Не пользуйся бубунтой! Она почти так же огорожена, как мастдайка.

Если тебе не живется без поцтерошлака и деб-пакетов, лучше дебиан поставь.

А насчет безопасности, мне тоже такие вопросы частенько задают. И я отвечаю примерно как предыдущий собеседник: если там будет какая-то жопа, ты сможешь доказать ее наличие; в случае проприетастского ПО ты ничего доказать не сможешь.

но много ли людей могут легко определить выгружает ли что-то лишнее программа куда-то, или нет?

Не переживай, те кто могут, напишут на лорчик, тут начнется массовый психоз, и всего через неделю весь мир уже будет знать.

много ли людей могут легко определить выгружает ли что-то лишнее программа куда-то, или нет?

Любой, кто читать умеет. Исключением могут быть обфускации, но это не принято в опенсорсе - и то, само наличие обфускации привлечёт знающих людей и всех поймают.

Закрытое - недоказуемо никак

Не столь категорично, скажем так, сложнее - дизассемблеры никто не отменял

Исключением могут быть обфускации

обфускация, к слову, нарушает GPL

Есть не только технические, но и юридические сложности.

в России юридических сложностей нет - дизассемблируй сколь душе угодно

С того, что СПО контролирует пользователь, а не кто-то левый.

Та же ubuntu выгружала для amazon данные, в то время как вроде бы популярная свободная система.

то что ты об этом знаешь уже говорит о том, что работает все неплохо.

Да, по сути должны быть исходники на github, но много ли людей могут легко определить выгружает ли что-то лишнее программа куда-то, или нет?

А много и не надо.

Над проектами под крылом GNU трудятся люди с убеждениями и особым складом ума, чтобы протолкнуть в один из них малварь, от АНБ, ЦРУ, ZOG, масонов и рептилоидов потребуется объединить усилия, что маловероятно.

много ли людей могут легко определить выгружает ли что-то лишнее программа куда-то, или нет?

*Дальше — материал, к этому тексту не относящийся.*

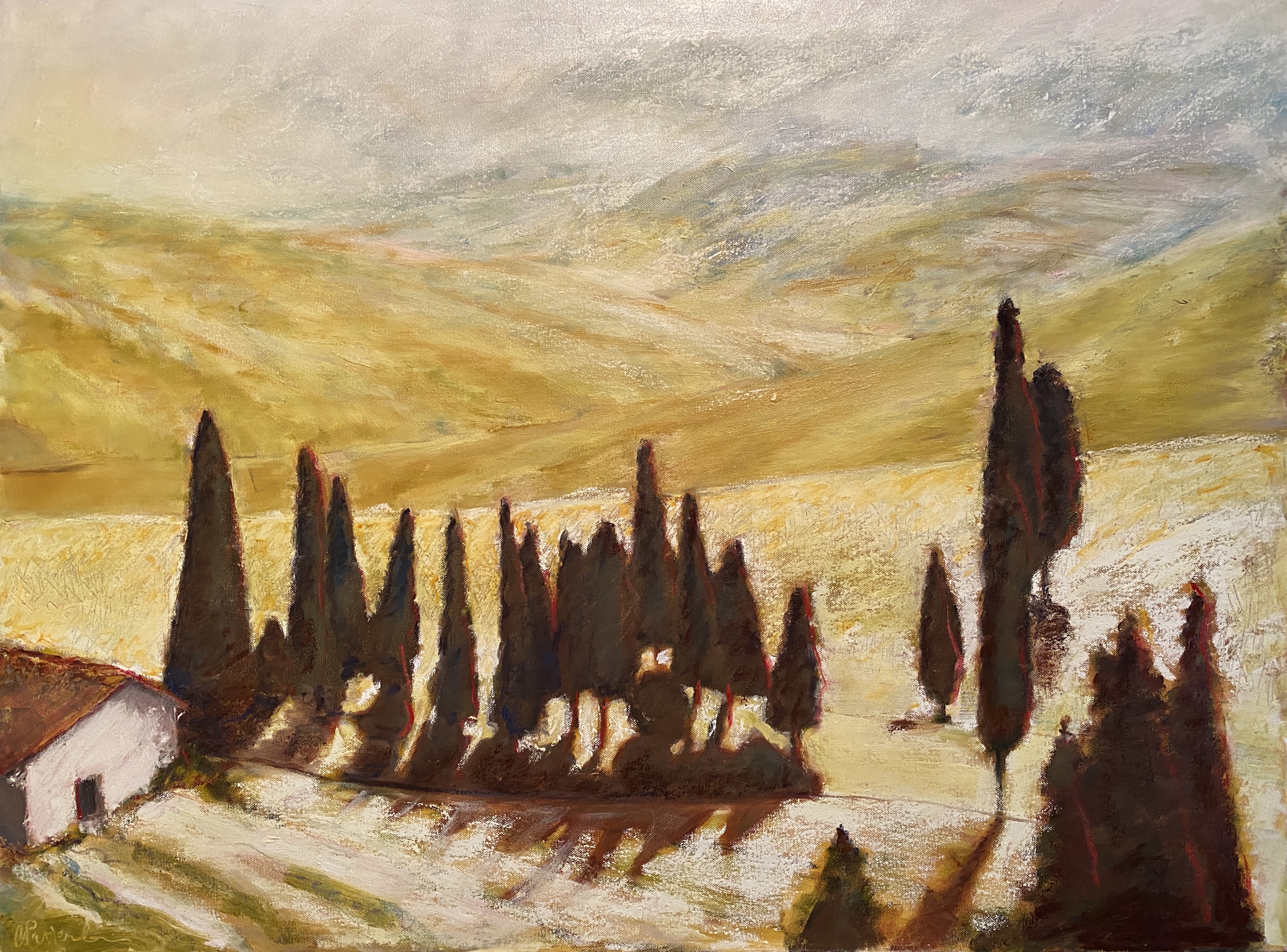 It is an old landscape … the same fields of olives and grapes that we see today, appear in the background of almost every Virgin and Child or Adoration of the Magi painted during the Renaissance. Long-ago spires of pines are seen to stand vigil against the elements even then. And just as an exclamation mark adds excitement to a line of text, the lovely fingers of cypress add visual energy to the mundane world of olive trees and vineyards. It is as if time past has come forward to welcome you to Tuscany.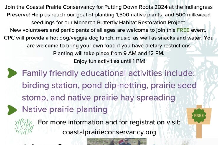 What: Join the Coastal Prairie Conservancy (CPC) for Putting Down Roots 2024 on Saturday, November 9th from 9 AM to 1 PM at the Indiangrass Preserve! Help us reach our goal of planting 1,500 native plants and 500 milkweed seedlings […]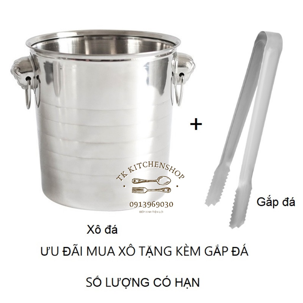 Xô inox đựng đá, ướp lạnh rượu bia tặng kèm một gắp đá inox, thích hợp sử dụng trong quán ăn, nhà hàng tiêu chuẩn 3 sao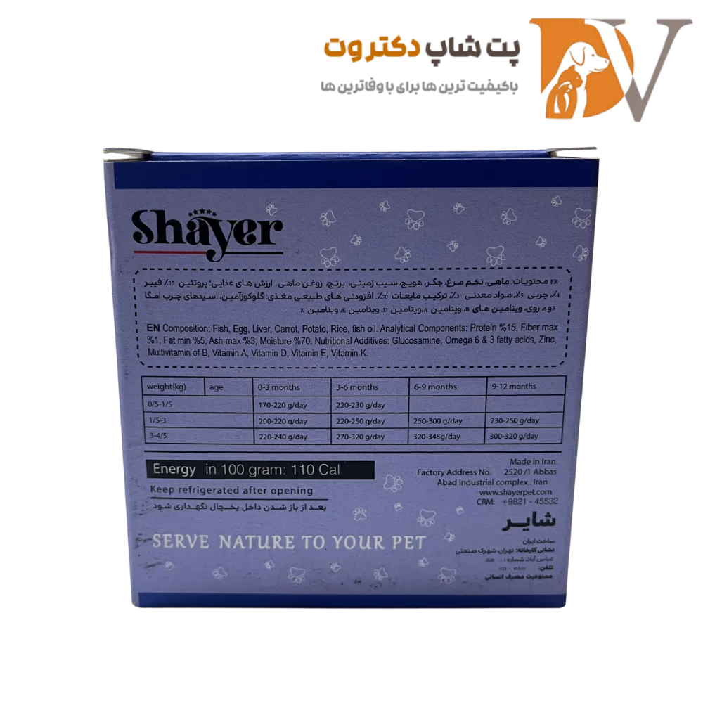 کنسرو بچه گربه با طعم ماهی برند شایر ۹۰ گرمی Shayer fish kitten، یک غذای مرطوب پریمیوم و کامل مناسب برای تمامی نژادها و سنین تا ۱۲ ماهگی است. این کنسرو از تازهترین مواد اولیه و ماهی تهیه شده و دارای بافت پته نرم و یکنواخت است که هضم بسیار آسانی برای بچهگربهها دارد.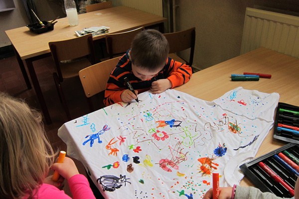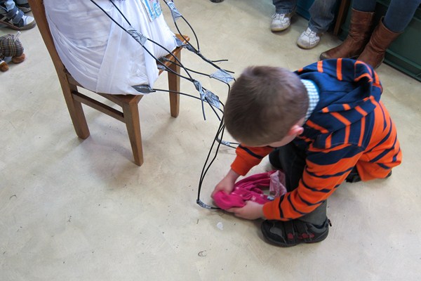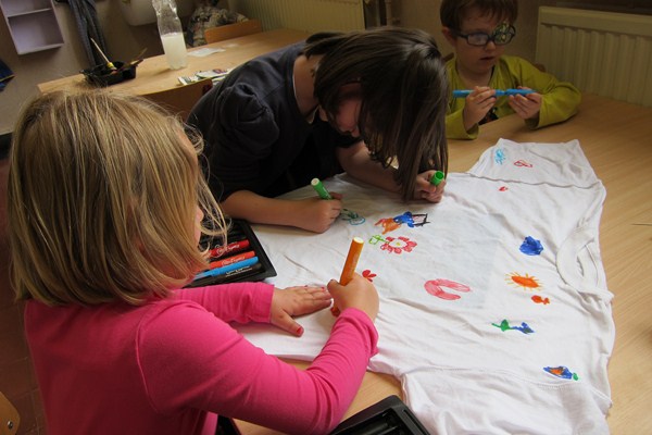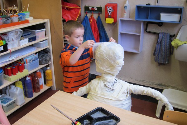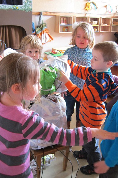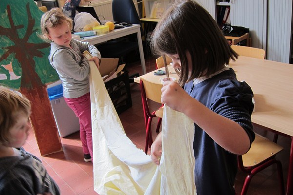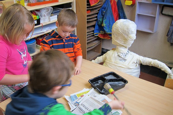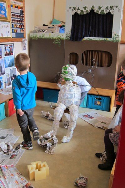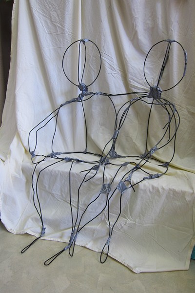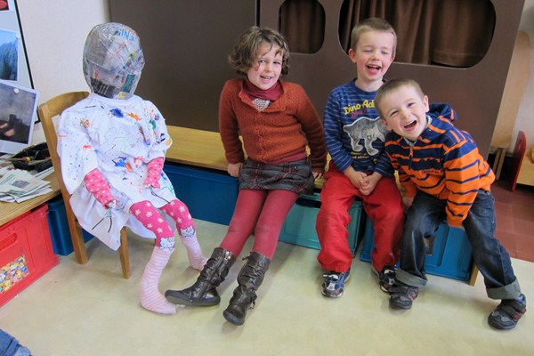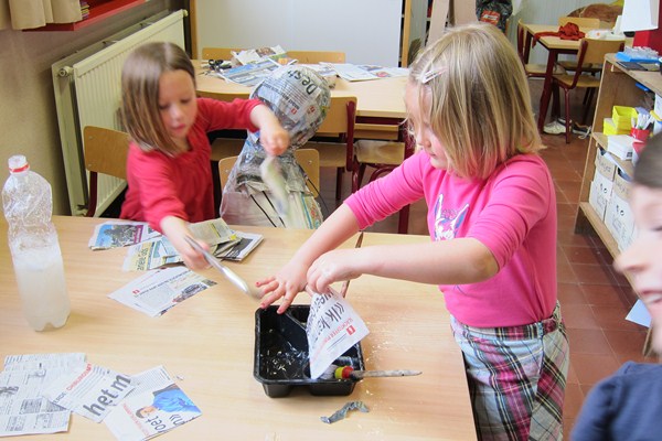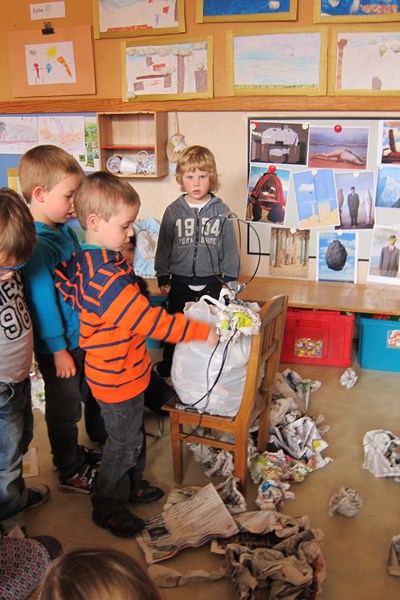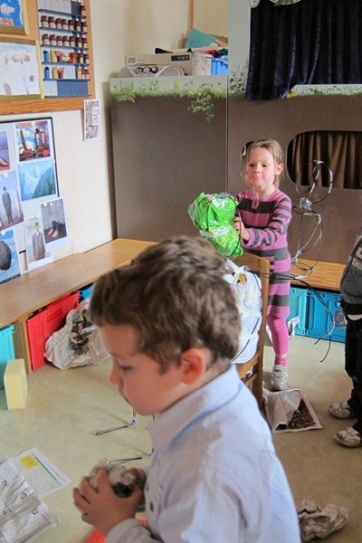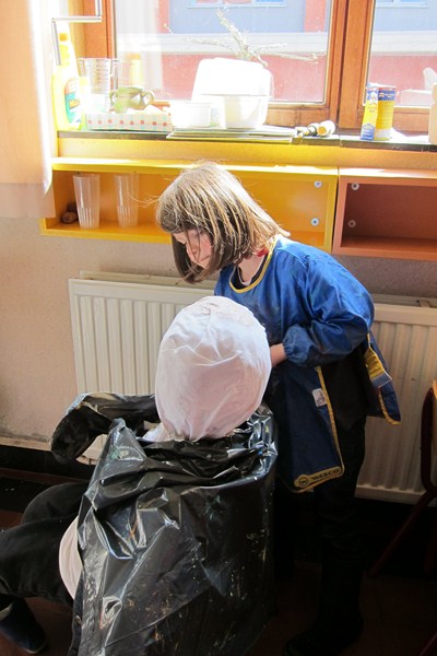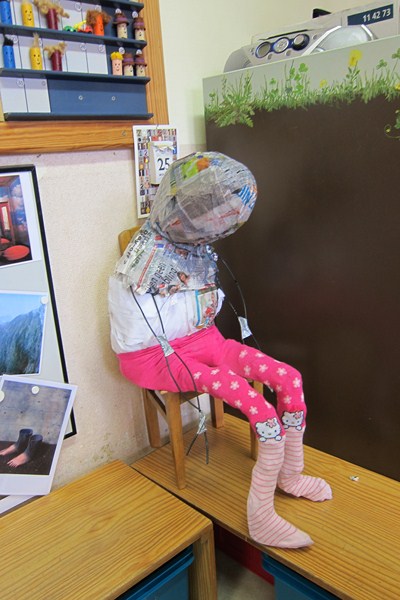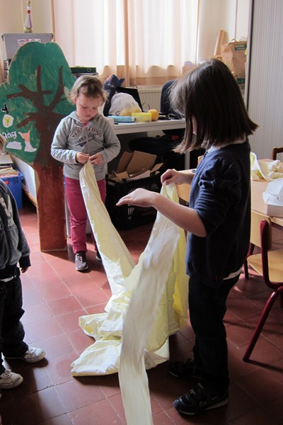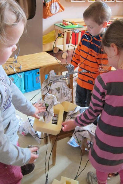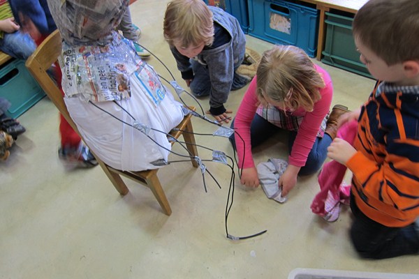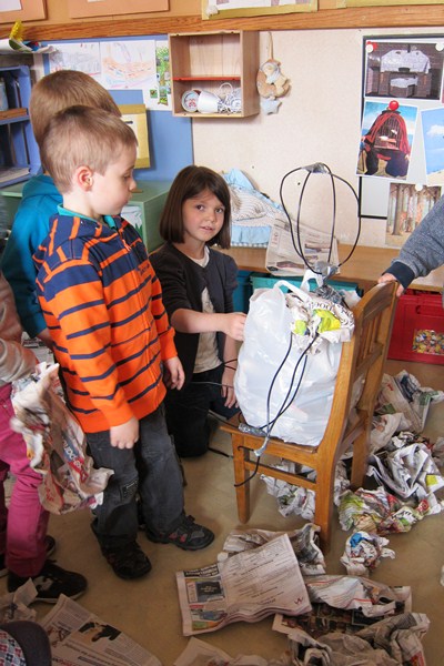 Werk in ons atelier: hoe vullen we de buiken? Met kranten? Die vallen er snel weer uit

много. там ума много не надо, чтобы найти явный обфускат или вызов exec() - можно грепом даже.

Не пользуйся бубунтой! Она почти так же огорожена, как мастдайка.

Не пользуюсь, я использую Debian.

Не переживай, те кто могут, напишут на лорчик, тут начнется массовый психоз, и всего через неделю весь мир уже будет знать.

goingUp, отчасти за это мне и нравится ЛОР ))

А много и не надо.

dikiy, я говорю о тех, кто хочет знать, но не может полностью понять исходники.

много. там ума много не надо, чтобы найти явный обфускат или вызов exec() - можно грепом даже.

next_time, часом нет статейки по проверке кода на сливы и нечистость?

часом нет статейки по проверке кода на сливы и нечистость?

Какой статейки? Проверка в первом приближении делается элементарно - чтобы куда-то что-то послать/удалить файл/отформатировать диск и т.д. и т.п. нужно вызвать соответствующий код ВНЕЗАПНО. Код лежит в библиотеках/исполняемых файлах, а зависимости от них прописаны в инструкции по сборке (иначе ваш код даже не соберётся, а если и соберётся то хрен что сделает). Число подозрительных операций - конечное. Ну так погрепать имена классов, программ, вызовов системных функций, да и всё. Список этот зависит от языка, на котором написан код.

Какой статейки? Проверка в первом приближении делается элементарно - чтобы куда-то что-то послать/удалить файл/отформатировать диск и т.д. и т.п. нужно вызвать соответствующий код ВНЕЗАПНО. Код лежит в библиотеках/исполняемых файлах, а зависимости от них прописаны в инструкции по сборке (иначе ваш код даже не соберётся, а если и соберётся то хрен что сделает). Число подозрительных операций - конечное. Ну так погрепать имена классов, программ, вызовов системных функций, да и всё. Список этот зависит от языка, на котором написан код.

Ну вот того что ты расписал, многие не знают, или только догадываются.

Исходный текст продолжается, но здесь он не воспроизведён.